» **Required work**
All entries are to be printed again exactly, with their images omitted.

Records contained in a dataset
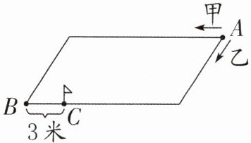 3. 如图,火车轨道的形状是平行四边形,甲、乙两列玩具火车同时从点 A 分别向不同的方向出发,40 秒后在点 C 相遇。已知甲火车与乙火车的速度比是 8:5,则甲火车每秒行驶多少米?
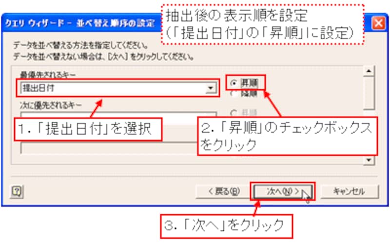 表示された「クエリ ウィザード?並べ替え順序の設定」ダイアログボックスで、抽出後の表示順を設定します。ここでは「提出日付」の「昇順」に設定します。「最優先されるキー」のドロップダウンリストから「提出日付」を選択し、右側の「昇順」のチェックボックスをクリックします。設定できたら「次へ」をクリックします。
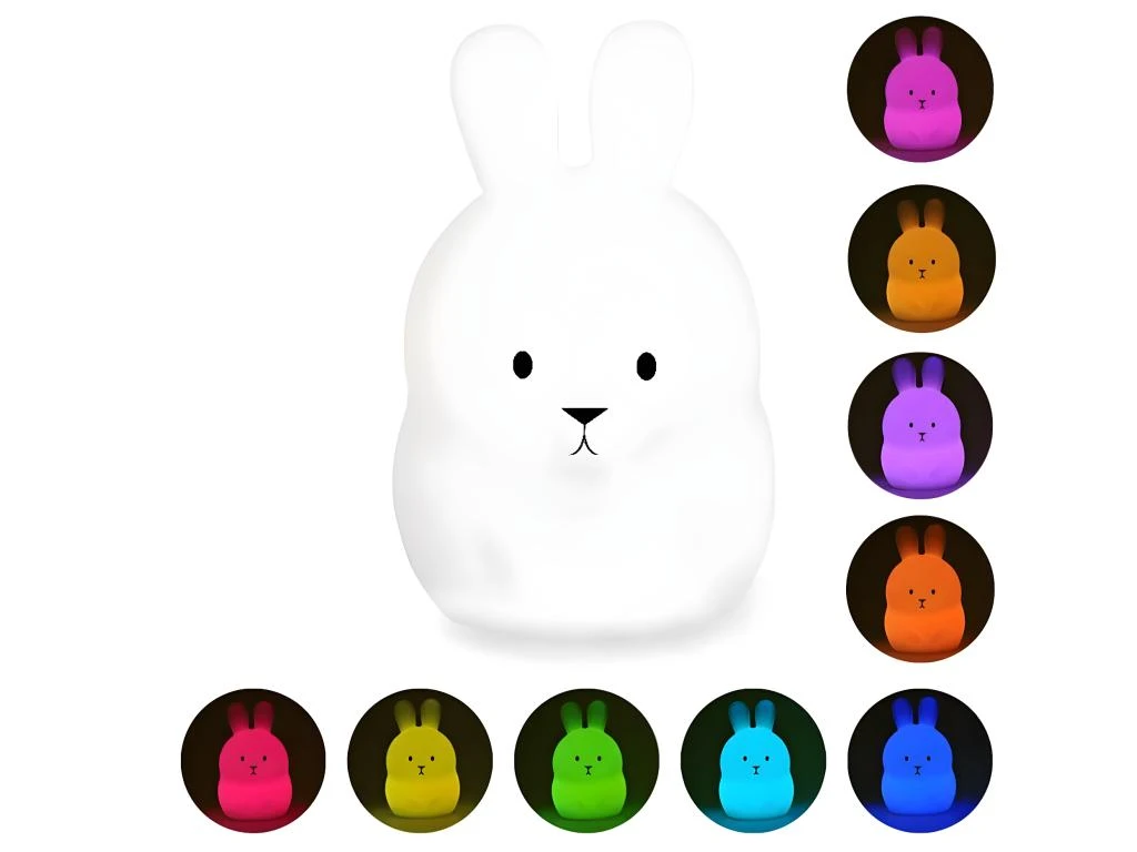 - PRATIQUE, ROBUSTE & FUN : la veilleuse LED d’une hauteur de 19cm et large de 14cm. La lampe sans fil Bunny est en silicone souple et se nettoie facilement avec de l’eau tiède et du savon doux.
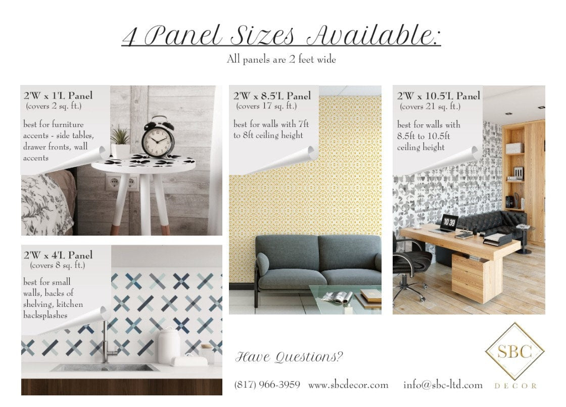 • Panel 2'W x 1'L (covers 2 sq ft.) – our version of a 'sample swatch' - an easy solution to figuring out how many panels your surface will need; simply apply and use as your measuring guide!
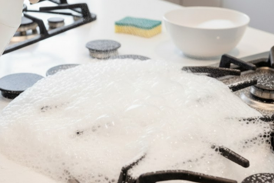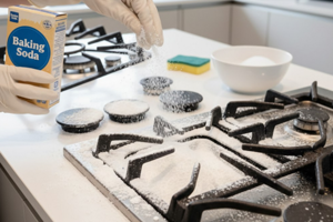 Gabungan kedua-dua bahan ini sangat berkesan untuk melonggarkan kotoran degil, menyerap bau, dan mengilatkan permukaan dapur gas tanpa merosakkan material.
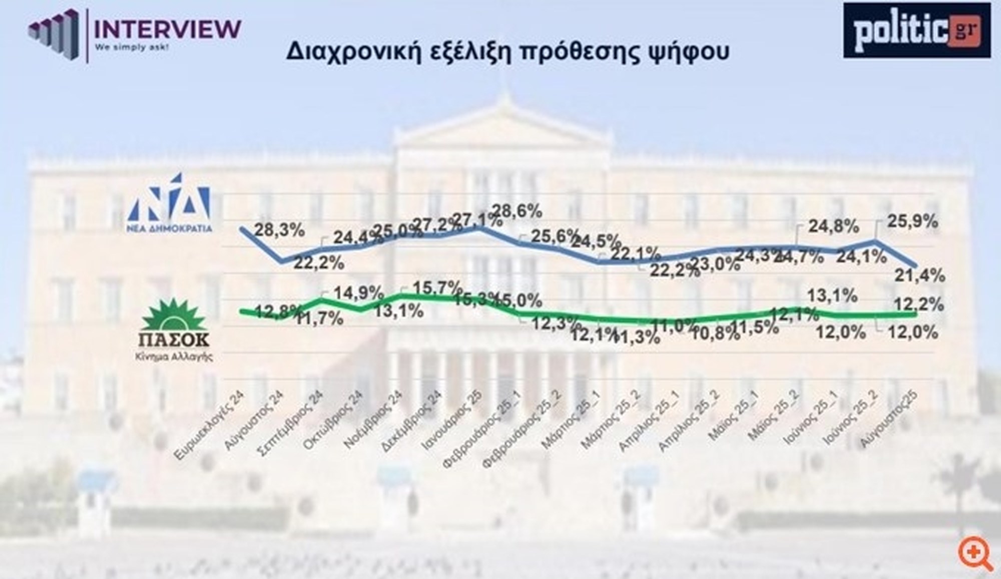Παρά το προβάδισμα, η ΝΔ καταγράφει πτώση στην πρόθεση ψήφου, σε σύγκριση με τη μέτρηση του Ιουνίου: Η Νέα Δημοκρατία υποχωρεί από το 25,9% τον Ιούνιο στο 21,4% τον Αύγουστο. Το ΠΑΣΟΚ – Κίνημα Αλλαγής παραμένει δεύτερο, σχεδόν αμετάβλητο, από το 12% στο 12,2%, χωρίς σημάδια ουσιαστικής διεύρυνσης.
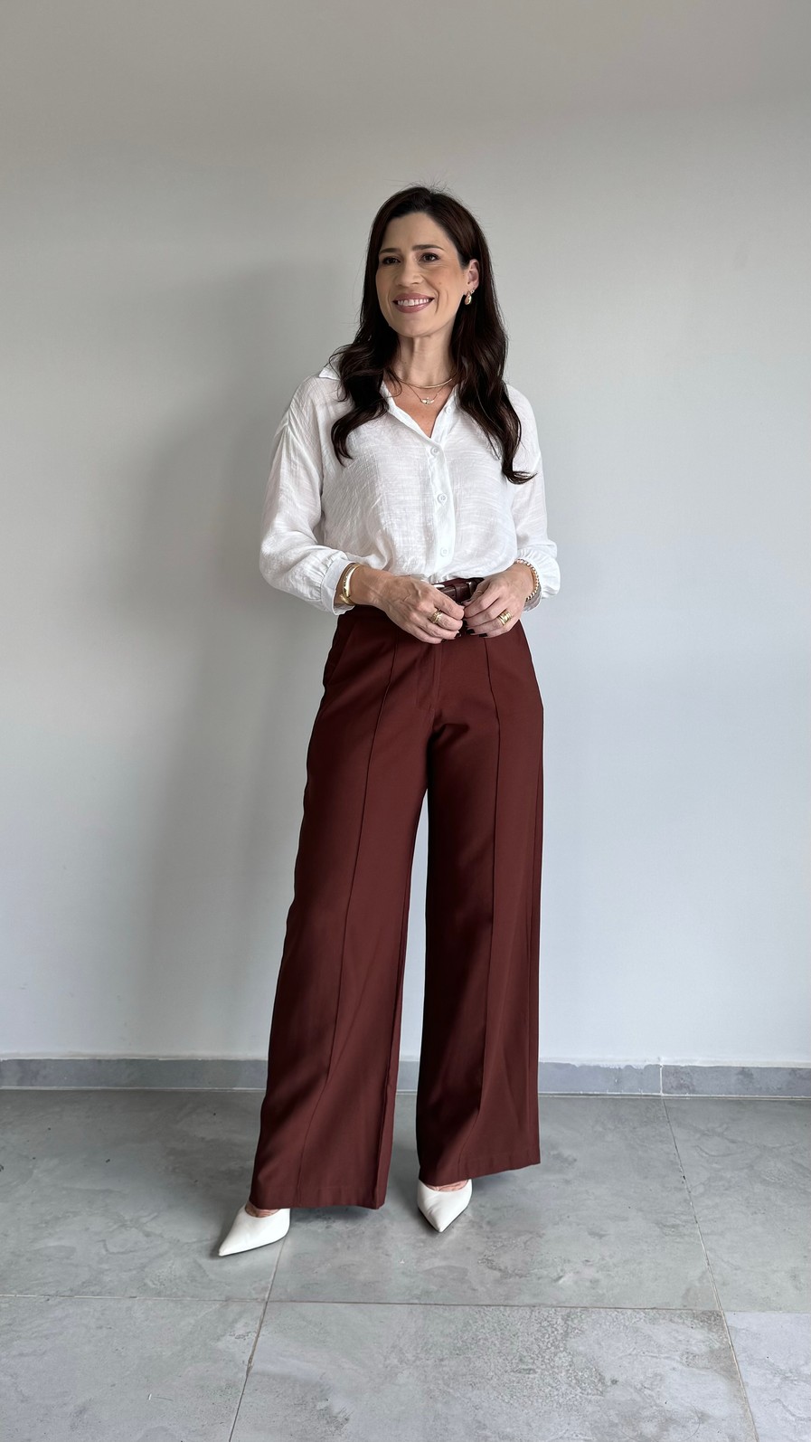 Disponível em cores atemporais como vinho, marrom, preto, nude e azul marinho essa calça transita perfeitamente entre o casual e o formal. Combine com blusas leves para um look despojado ou com camisas de alfaiataria para uma produção sofisticada. Finalize com scarpins ou sandálias de salto para um toque ainda mais refinado.
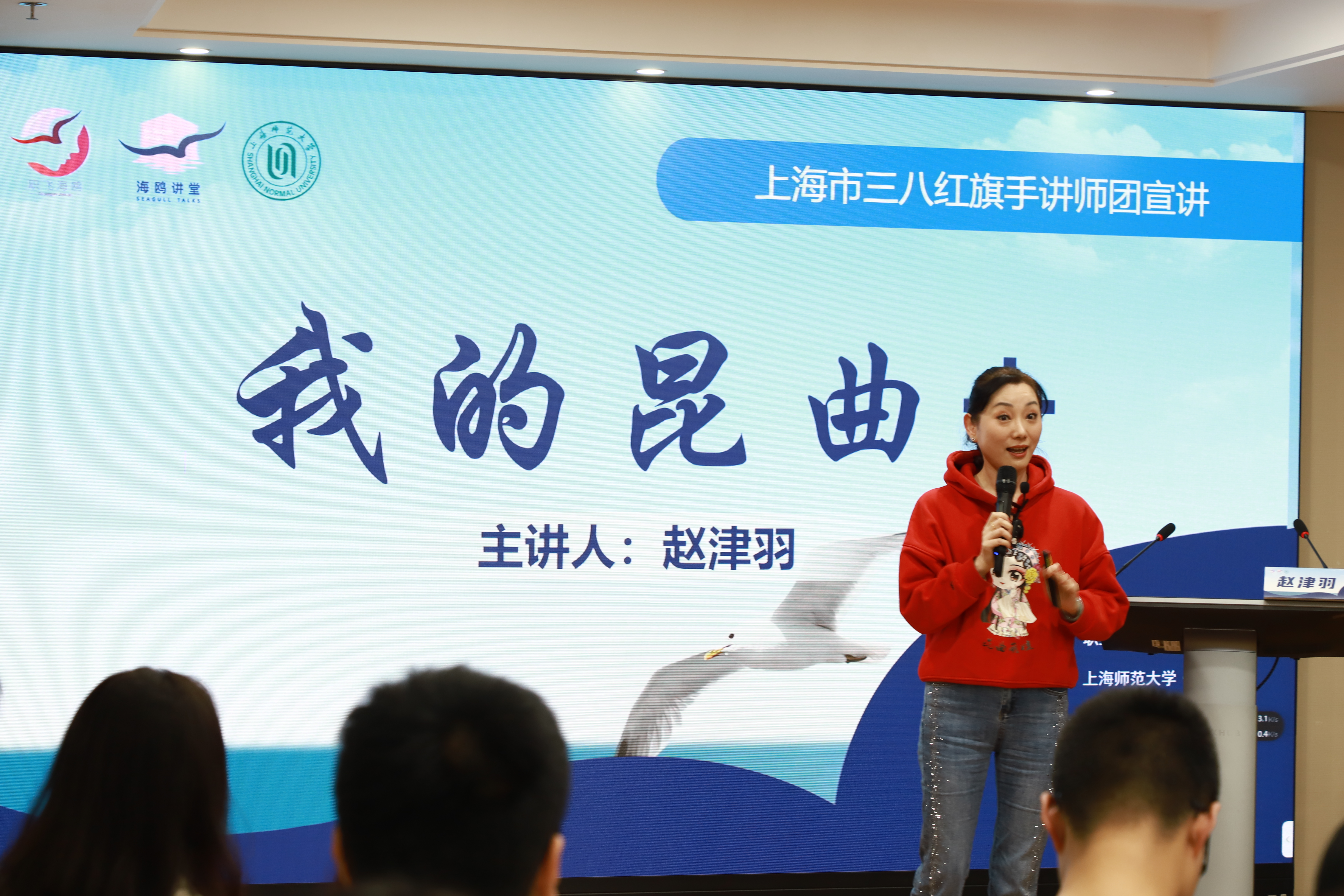 11月22日下午,由职业飞翔·海鸥计划指导,MK官方网页版·学思湾主办,MK官方网页版妇委会、MK(中国)承办,上海市女企业家协会、上海市教育系统妇工委、上海市三八红旗手联谊会协办的“海鸥讲堂”在徐汇校区文苑楼402室顺利开讲。上海市三八红旗手讲师团成员、全国第一位职业昆曲推广人、国家二级演员赵津羽作生动有趣的《我的昆曲+》分享会。

» **Output**
 3. 如图,火车轨道的形状是平行四边形,甲、乙两列玩具火车同时从点 A 分别向不同的方向出发,40 秒后在点 C 相遇。已知甲火车与乙火车的速度比是 8:5,则甲火车每秒行驶多少米?
 表示された「クエリ ウィザード?並べ替え順序の設定」ダイアログボックスで、抽出後の表示順を設定します。ここでは「提出日付」の「昇順」に設定します。「最優先されるキー」のドロップダウンリストから「提出日付」を選択し、右側の「昇順」のチェックボックスをクリックします。設定できたら「次へ」をクリックします。
 - PRATIQUE, ROBUSTE & FUN : la veilleuse LED d’une hauteur de 19cm et large de 14cm. La lampe sans fil Bunny est en silicone souple et se nettoie facilement avec de l’eau tiède et du savon doux.
 • Panel 2'W x 1'L (covers 2 sq ft.) – our version of a 'sample swatch' - an easy solution to figuring out how many panels your surface will need; simply apply and use as your measuring guide!
 Gabungan kedua-dua bahan ini sangat berkesan untuk melonggarkan kotoran degil, menyerap bau, dan mengilatkan permukaan dapur gas tanpa merosakkan material.
Παρά το προβάδισμα, η ΝΔ καταγράφει πτώση στην πρόθεση ψήφου, σε σύγκριση με τη μέτρηση του Ιουνίου: Η Νέα Δημοκρατία υποχωρεί από το 25,9% τον Ιούνιο στο 21,4% τον Αύγουστο. Το ΠΑΣΟΚ – Κίνημα Αλλαγής παραμένει δεύτερο, σχεδόν αμετάβλητο, από το 12% στο 12,2%, χωρίς σημάδια ουσιαστικής διεύρυνσης.
 Disponível em cores atemporais como vinho, marrom, preto, nude e azul marinho essa calça transita perfeitamente entre o casual e o formal. Combine com blusas leves para um look despojado ou com camisas de alfaiataria para uma produção sofisticada. Finalize com scarpins ou sandálias de salto para um toque ainda mais refinado.
 11月22日下午,由职业飞翔·海鸥计划指导,MK官方网页版·学思湾主办,MK官方网页版妇委会、MK(中国)承办,上海市女企业家协会、上海市教育系统妇工委、上海市三八红旗手联谊会协办的“海鸥讲堂”在徐汇校区文苑楼402室顺利开讲。上海市三八红旗手讲师团成员、全国第一位职业昆曲推广人、国家二级演员赵津羽作生动有趣的《我的昆曲+》分享会。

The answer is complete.